§ **ACTION ITEM**: Provide only the number of lines below that contain the word "waren".

§ **DATASET RECORDS**:
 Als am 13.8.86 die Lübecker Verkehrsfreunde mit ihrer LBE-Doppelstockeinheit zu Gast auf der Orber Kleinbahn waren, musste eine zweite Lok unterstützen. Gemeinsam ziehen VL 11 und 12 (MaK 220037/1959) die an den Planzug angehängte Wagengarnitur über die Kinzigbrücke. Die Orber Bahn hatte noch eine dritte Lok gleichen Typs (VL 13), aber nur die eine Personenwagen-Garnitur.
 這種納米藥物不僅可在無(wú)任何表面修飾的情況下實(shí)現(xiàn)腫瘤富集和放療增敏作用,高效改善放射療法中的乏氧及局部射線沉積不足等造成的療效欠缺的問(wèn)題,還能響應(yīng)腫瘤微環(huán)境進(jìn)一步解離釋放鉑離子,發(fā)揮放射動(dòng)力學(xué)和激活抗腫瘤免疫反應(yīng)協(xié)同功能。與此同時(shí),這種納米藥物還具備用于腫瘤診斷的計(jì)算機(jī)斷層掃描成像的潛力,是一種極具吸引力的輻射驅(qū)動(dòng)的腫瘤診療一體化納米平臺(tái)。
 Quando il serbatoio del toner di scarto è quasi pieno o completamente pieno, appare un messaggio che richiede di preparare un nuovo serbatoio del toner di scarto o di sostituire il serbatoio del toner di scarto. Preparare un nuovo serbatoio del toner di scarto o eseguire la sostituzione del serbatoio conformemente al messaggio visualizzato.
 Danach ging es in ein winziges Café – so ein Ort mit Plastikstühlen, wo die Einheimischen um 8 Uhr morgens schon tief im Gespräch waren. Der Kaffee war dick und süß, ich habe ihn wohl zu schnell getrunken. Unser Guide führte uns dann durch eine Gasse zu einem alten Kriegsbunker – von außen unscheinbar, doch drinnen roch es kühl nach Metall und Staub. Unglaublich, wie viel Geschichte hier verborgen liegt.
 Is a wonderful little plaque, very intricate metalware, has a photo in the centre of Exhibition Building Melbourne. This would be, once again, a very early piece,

==

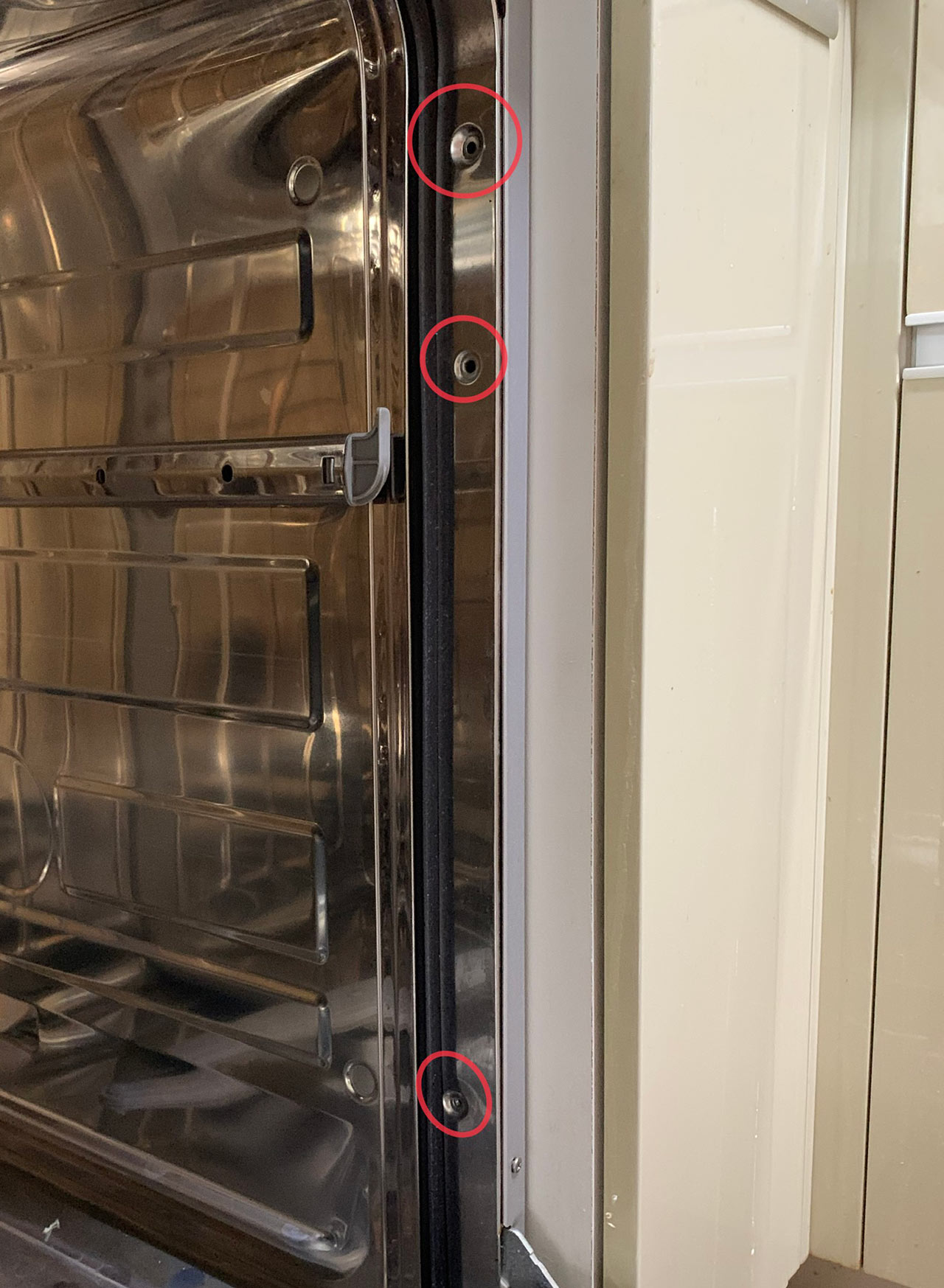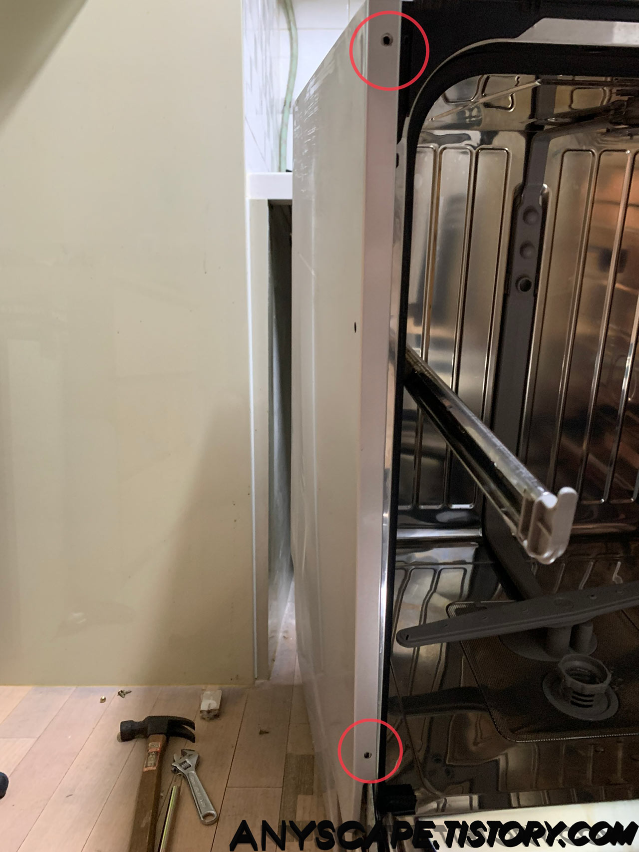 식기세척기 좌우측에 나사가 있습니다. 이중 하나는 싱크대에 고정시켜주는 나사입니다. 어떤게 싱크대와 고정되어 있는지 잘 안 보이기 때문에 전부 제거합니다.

§ **REPLY TO THE TASK**: 2